Figure 1 Doctor in the family and long-run mortality: Event study
Notes: The figure illustrates the impact of experiencing a member of family trained as your physician (in accordance with having a member of family trained as an attorney) on the likelihood of death, along with 95% confidence intervals. The regressions are centred at event year -1, i.e. 12 months prior to the year of matriculation in a medical (or legal) degree. The dashed vertical line marks the common graduation time for physicians. Standard errors are clustered at the family level. The estimates reveal a clear slowdown in the relative mortality rate among relatives of doctors (when compared with the relatives of lawyers) that starts emerging around year 8 following the young relative matriculates into college. The mortality gap then steadily widens for just two decades. The idea estimates suggest a 1.7-percentage-point reduction in the likelihood of death by event time 25, which corresponds to a 10% decline off the mean among relatives of lawyers, which is 17%. The sample includes family born in Sweden between 19. We exclude family who are themselves a doctor or have a doctor spouse.

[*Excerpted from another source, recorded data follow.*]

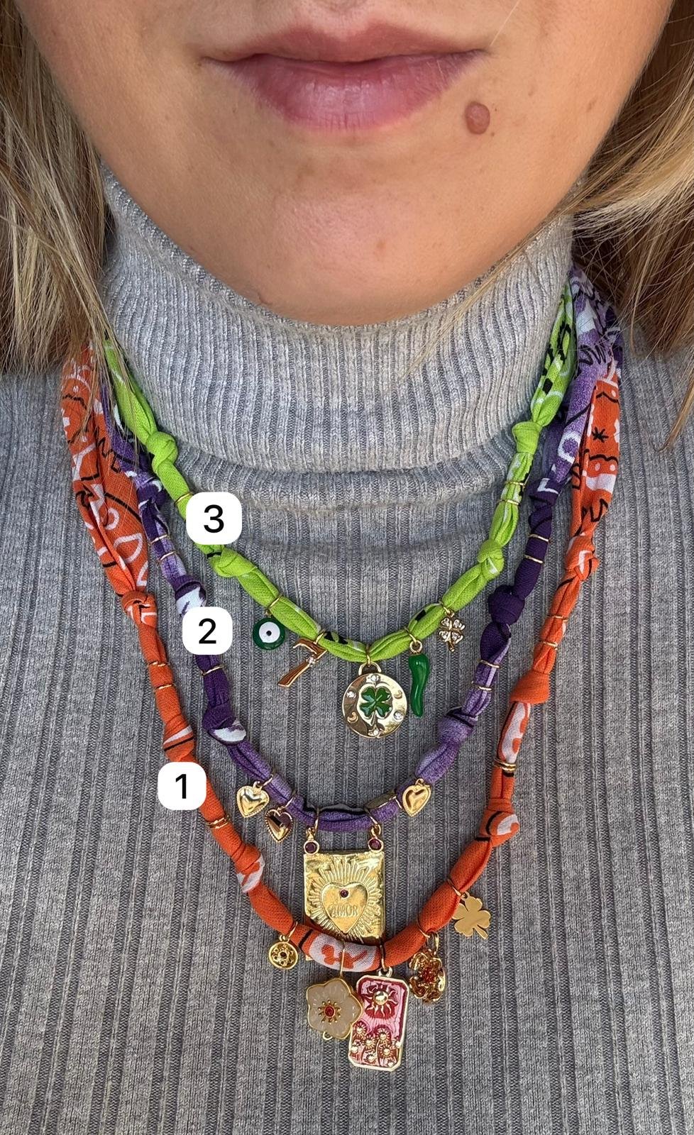 ✨ Bandana verde lime – charms dorati, quadrifoglio e cornetto
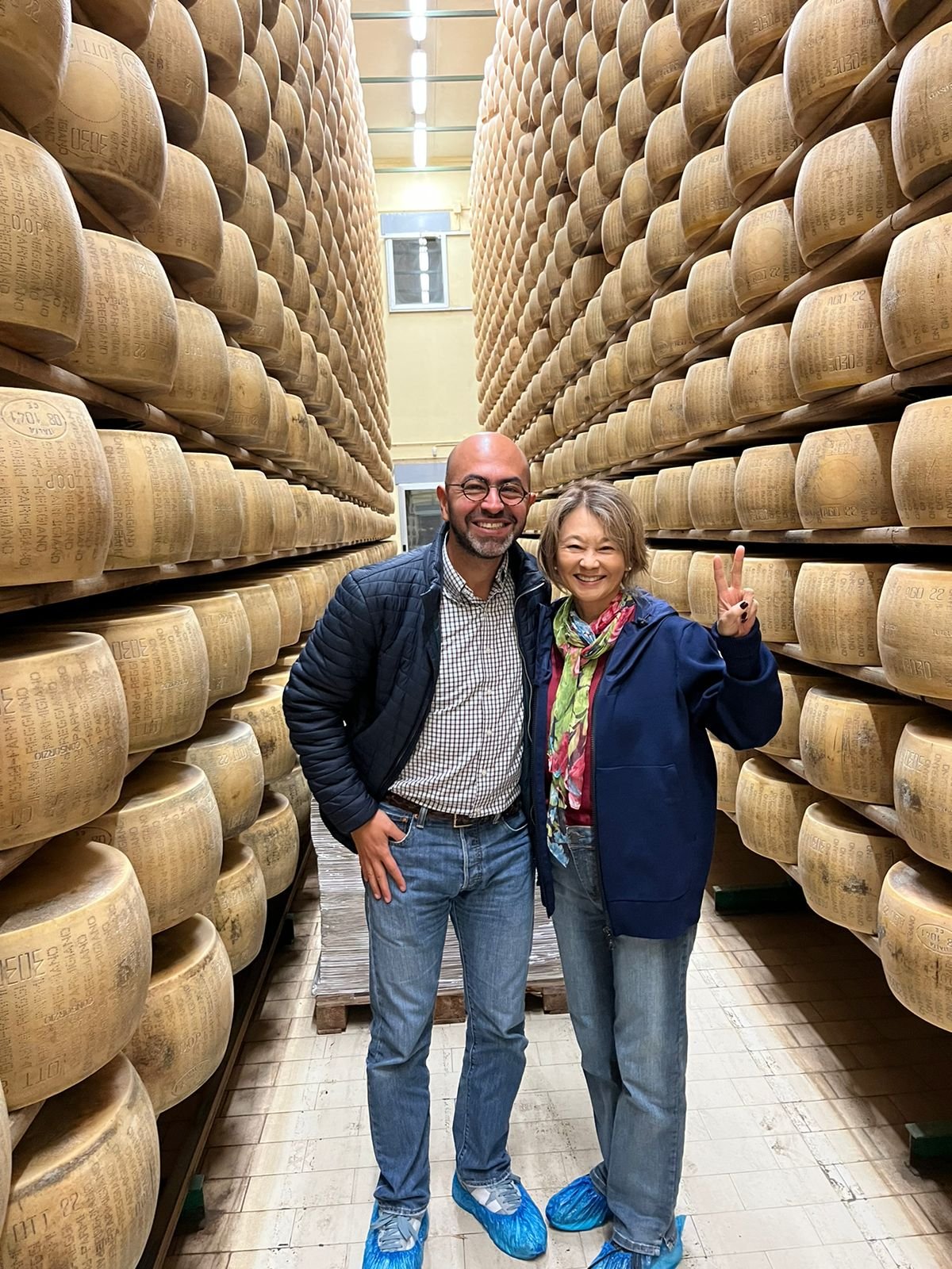No dia 10, iniciamos o dia com uma visita especial à estrutura da Azienda Agrícola Bertinelli, em Parma, na região de Emília Romana. Nesta fábrica pudemos conhecer toda a produção do legítimo Parmigiano Reggiano, incluindo a fazenda de produção do leite utilizado para a fabricação dos queijos. Tivemos a oportunidade de conhecer o Sr. Bertinelli, cujo filho é o presidente do consórcio Parmigiano Reggiano D.O.P e proprietário da fábrica. Com muita simpatia, ele nos contou um pouco sua história.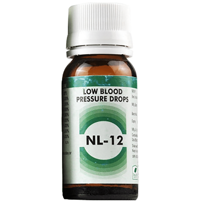 New Life NL 12 Low Blood Pressure Drop aids in the regulation of low blood pressure, reduction of weakness and provides relief in dyspnea. It aids in the strengthening of cardiac muscles and improves heart function. It contains ginseng, which helps to regulate blood sugar levels and alleviate heart problems. It aids in the removal of fatigue, restlessness, dyspnea and asphyxia. It contains the Viscum album, which is used to treat weariness, nervousness, sleeplessness, agitation, panic attacks, and low immunity, as well as cancer, hypertension and arthritis. | Key Ingredients: Gelsemium Cactus Alfalfa Digitalis Ginseng Viscum album | Key Benefits: New Life NL 12 Low Blood Pressure Drop help regulate low blood pressure, reduces weakness and helps in breathlessness It helps strengthen the cardiac muscles and enhances healthy heart function It contains ginseng that lowers blood sugar levels and decreases cardiac ailment issues It helps in eliminating tiredness, restlessness, breathlessness and suffocation | Directions For Use: Take 2-4 drops with water twice a day or as advised by the physician. | Safety Information: Read the label carefully before use Do not exceed the recommended dosage Store in a cool and dry place away from direct sunlight Keep out of reach of children

An explanation that’s commonly discussed in policy circles for the existence and persistence of a poor correlation between socioeconomic status and health is differences in usage of healthcare over the socioeconomic spectrum. Our evidence shows that this explanation can only just be one little bit of medical inequality puzzle. What’s more, our results imply a scarcity of usage of expertise in households at the low rungs of the socioeconomic ladder can create and sustain inequality in health outcomes-even within an environment with fully equalised usage of formal healthcare, generous social insurance programs, and a broad social back-up.
It really is encouraging, however, that the huge benefits accruing to medical professionals’ members of the family seem to be scalable. Our analysis shows that usage of expertise improves health not through preferential treatment, but instead through intra-family transmission of ‘low-tech’ (and therefore, cheap) determinants of health, likely which range from the sharing of nuanced understanding of healthy behaviours to reminders about adherence to chronic medication, also to frequent and trustful communication about existing health. Therefore that public health policies, together with carefully designed public and private medical health insurance contracts that successfully mimic intra-family transmission of health-related expertise, could have the potential to close a substantial share-our estimates suggest around 18%-of the income-mortality gap.

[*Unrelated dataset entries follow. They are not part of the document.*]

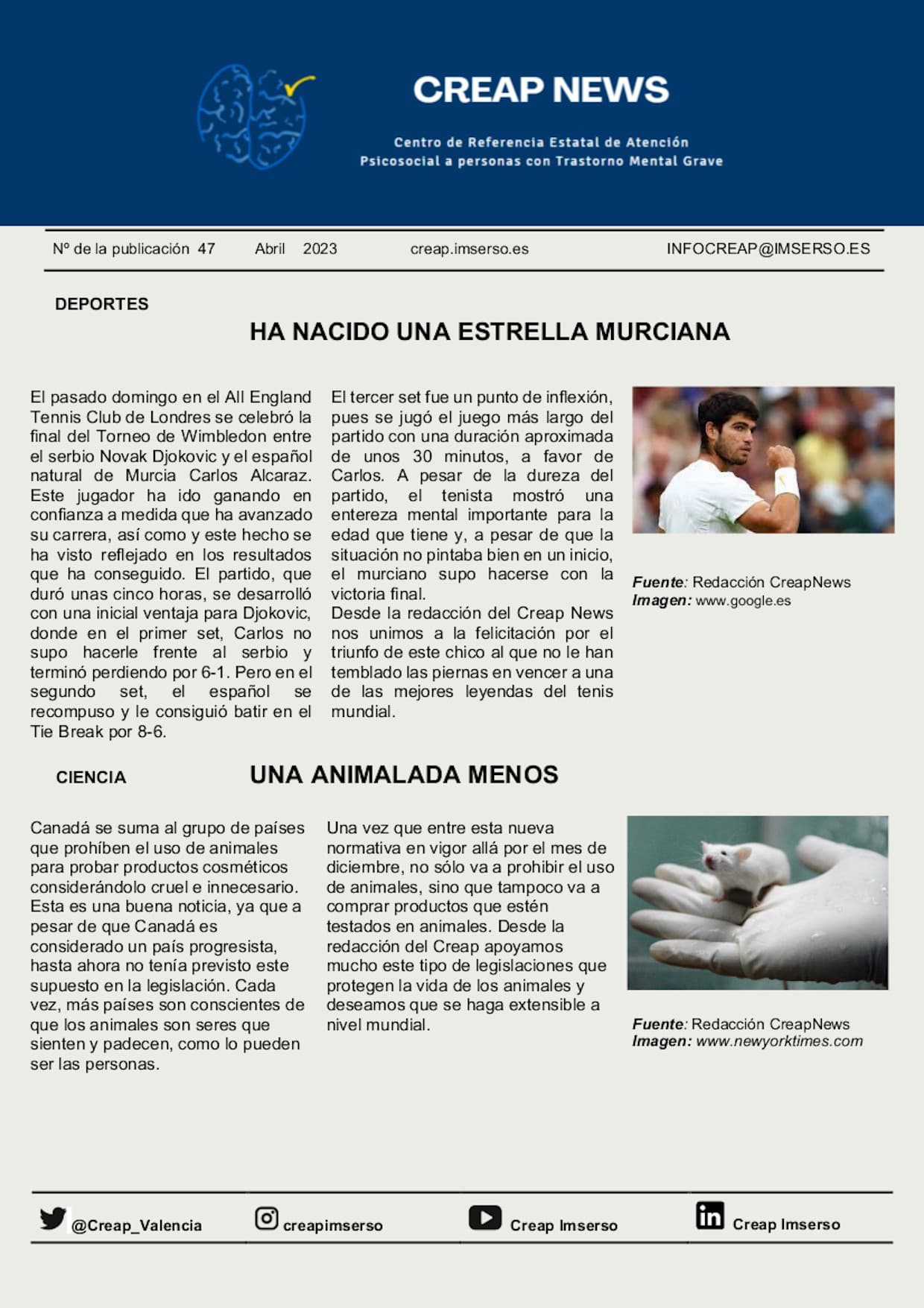 - En el nº 58 encontramos las secciones de deportes y ciencia. Por un lado, en la sección de deportes se destaca la figura de Carlos Alcaraz, campeón del torneo de Wimbledon de 2023. Desde la redacción felicitan a Carlitos por su gran logro y valoran especialmente la entereza mental que demostró el murciano en el partido, al recomponerse tras un mal comienzo. Por otro lado, en la sección de ciencia, encontramos la noticia de la prohibición en Canadá del uso de animales para el testado de productos cosméticos. Una noticia que desde la redacción del Creap celebran y esperan que se haga extensible a nivel mundial.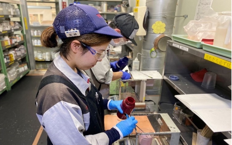 調色は色を見る仕事なので、色の違いを見分けるスキルが身につきました。最初の頃は全く違いが分からなかったのですが、今では微妙な違いにも気付けるようになり、調色のスピードが上がりました。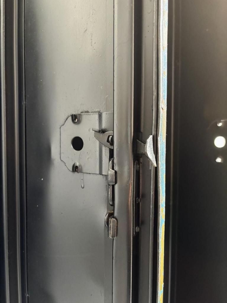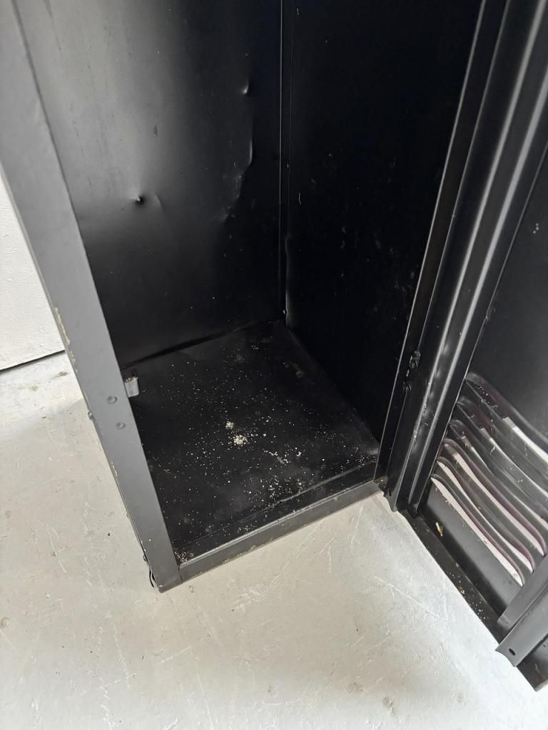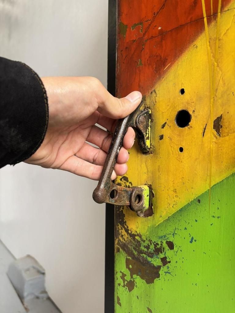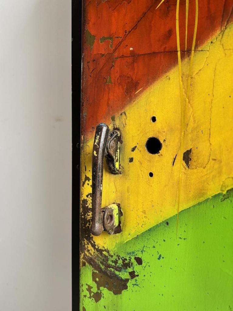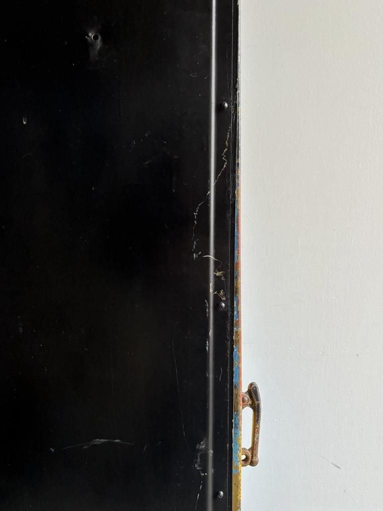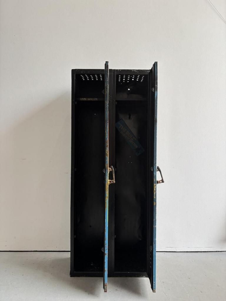 左扉には赤から青へと続くレインボーのグラデーション、右扉にはブルー基調のスモークペイントが入り、さらにハンドペイントのピンストライプアートが大胆に描かれています。アメリカのカスタムカルチャーやホットロッド文化を思わせる仕様で、ヴィンテージロッカーとしては非常に珍しい一点物の表情を持っています。
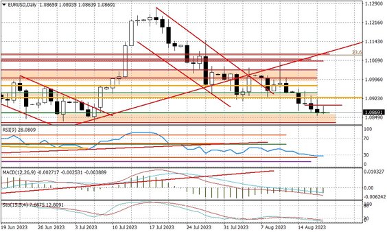 Wspomniany poziom to okolice ważnego wsparcia z 6 lipca (1,0833). Trend spadkowy na EURUSD pozostaje istotny, chociaż sam w sobie nie jest silny (często przeplatany korektami). W średnim terminie problemy Chin będą uderzać w europejską gospodarkę i przekładać się negatywnie na euro. W krótkim terminie wpływ na EURUSD będą mieć oczekiwania, co do polityki ECB na jesieni (podwyżek już definitywnie nie będzie), oraz tego, co zobaczymy w przyszłym tygodniu w Jackson Hole - jeżeli zaczną się pojawiać spekulacje, że Jerome Powell wybrzmi bardziej "gołębio", to zaważy to na dolarze (osłabi go) i wesprze ryzykowne aktywa, które ostatnio zostały mocno przecenione.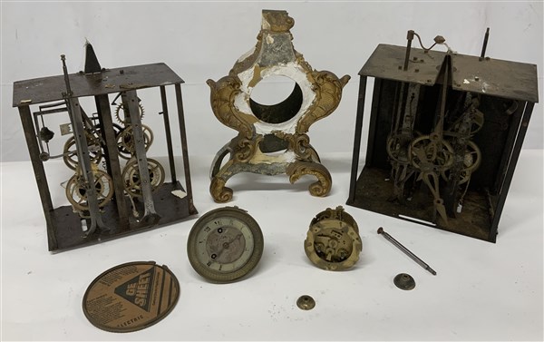 Cartone contenente due meccanismi di morbier e due meccanismi e quadranti di pa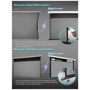 A área útil de projeção é de cerca de 266 cm de largura por 149 cm de altura proporcionando um quadro amplo para filmes esportes e apresentações em tela grande. O sistema tab tension combina cabos de tensionamento lateral e barra inferior com peso de aproximadamente 9 lb mantendo a superfície plana durante todo o curso de descida e subida da tela para melhor foco e nitidez em toda a área exibida.

Case, A, D Lubotsky and C Paxson (2002), “Economic status and health in childhood: The origins of the gradient”, American Economic Review 92(5): 1308-1334.

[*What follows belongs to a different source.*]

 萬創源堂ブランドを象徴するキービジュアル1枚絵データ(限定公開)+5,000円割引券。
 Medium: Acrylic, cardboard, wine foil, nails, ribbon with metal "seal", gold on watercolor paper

Chen, Y, P Persson and M Polyakova (2019), “The roots of health inequality and the worthiness of intra-family expertise”, CEPR Discussion Paper 13583.
Currie, J (2009), “Healthy, wealthy, and wise: Socioeconomic status, illness in childhood, and human capital development”, Journal of Economic Literature 47(1): 87-122.
Deaton, A (2002), “Policy implications of the gradient of health insurance and wealth”, Health Affairs 21(2): 13-30.
Lleras-Muney, A (2018), “Mind the gap: An assessment of medical gap: The task of an unequal world by Sir Michael Marmot”, Journal of Economic Literature 56(3): 1080-1101.
Marmot, M G, S Stansfeld, C Patel, F North, J Head, I White, E Brunner, A Feeney and G Davey Smith (1991), “Health inequalities among British civil servants: The Whitehall II study”, The Lancet 337(8754): 1387-1393.